Supplied material:
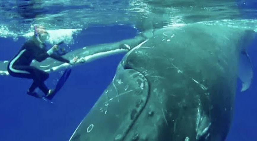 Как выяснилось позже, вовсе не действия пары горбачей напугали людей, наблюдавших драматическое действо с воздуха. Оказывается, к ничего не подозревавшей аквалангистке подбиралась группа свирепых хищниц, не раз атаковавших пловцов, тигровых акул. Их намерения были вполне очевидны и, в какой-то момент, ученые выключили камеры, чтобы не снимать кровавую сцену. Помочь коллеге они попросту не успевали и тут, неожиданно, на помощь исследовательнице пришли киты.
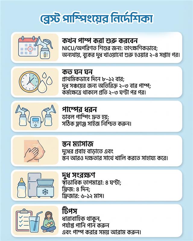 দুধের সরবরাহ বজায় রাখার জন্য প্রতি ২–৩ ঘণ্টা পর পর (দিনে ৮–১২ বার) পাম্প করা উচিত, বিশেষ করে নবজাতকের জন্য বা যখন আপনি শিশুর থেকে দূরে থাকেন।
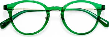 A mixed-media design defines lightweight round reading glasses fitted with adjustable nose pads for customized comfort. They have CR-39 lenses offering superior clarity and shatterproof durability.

...

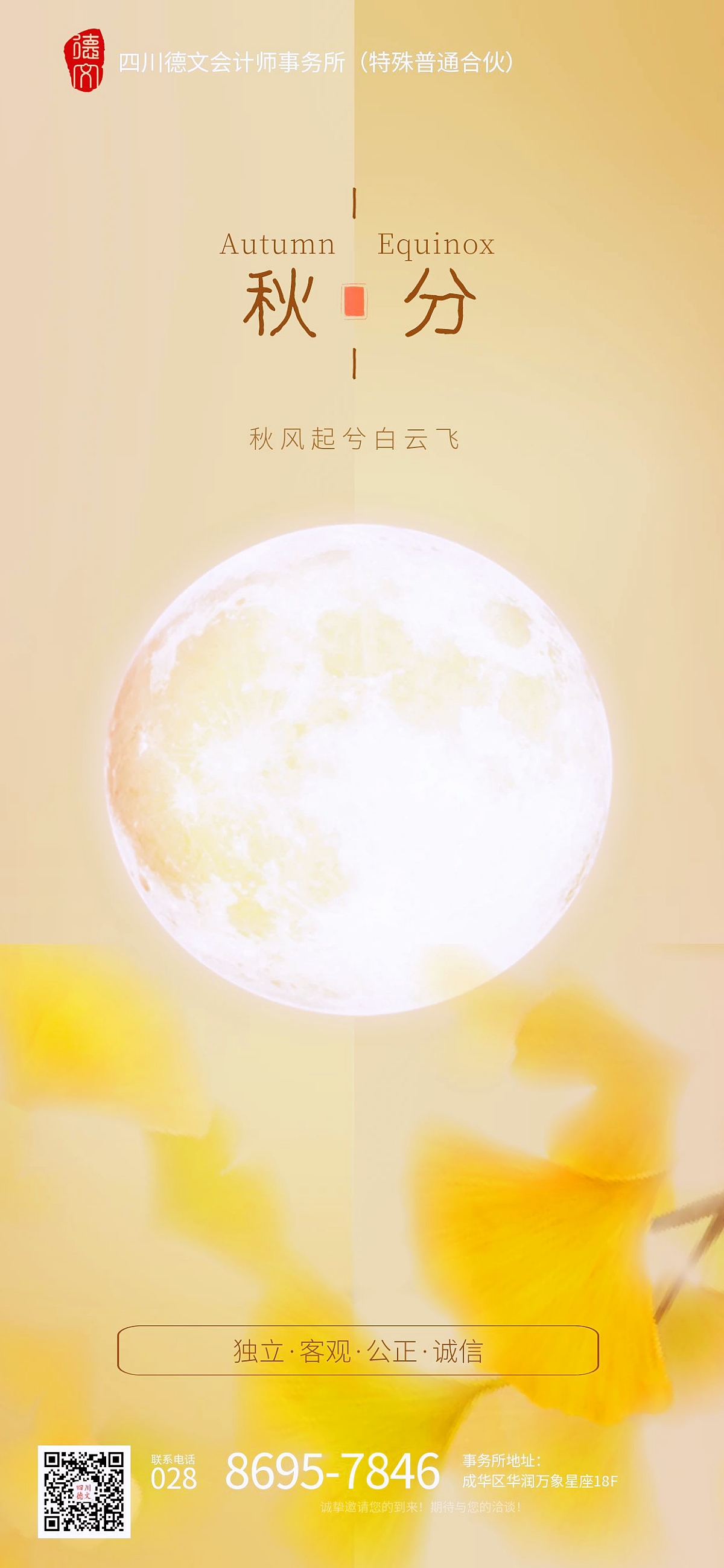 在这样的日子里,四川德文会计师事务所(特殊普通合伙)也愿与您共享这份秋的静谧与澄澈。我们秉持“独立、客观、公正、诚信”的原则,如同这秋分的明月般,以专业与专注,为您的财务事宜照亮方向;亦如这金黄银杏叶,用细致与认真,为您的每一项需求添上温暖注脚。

---

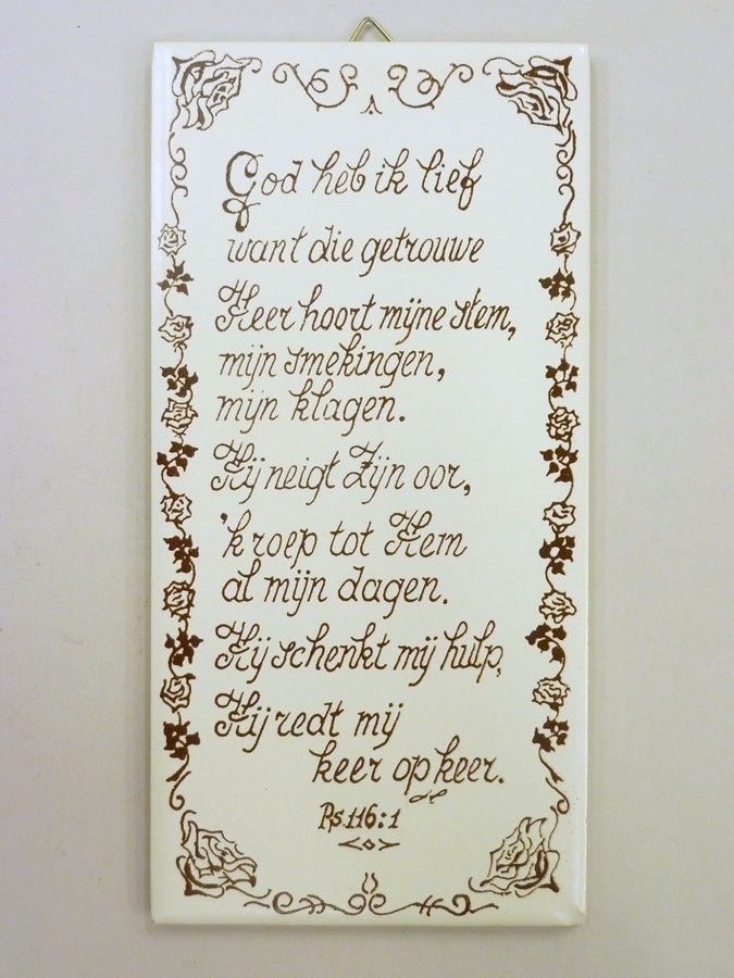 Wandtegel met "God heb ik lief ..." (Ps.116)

Exercise details: Quote the data above exactly from the line with "দুধের সরবরাহ বজায়" to the line with "A mixed-media design", both ends counted, and nothing else. Pictures don't go in.

Expected output:
 দুধের সরবরাহ বজায় রাখার জন্য প্রতি ২–৩ ঘণ্টা পর পর (দিনে ৮–১২ বার) পাম্প করা উচিত, বিশেষ করে নবজাতকের জন্য বা যখন আপনি শিশুর থেকে দূরে থাকেন।
 A mixed-media design defines lightweight round reading glasses fitted with adjustable nose pads for customized comfort. They have CR-39 lenses offering superior clarity and shatterproof durability.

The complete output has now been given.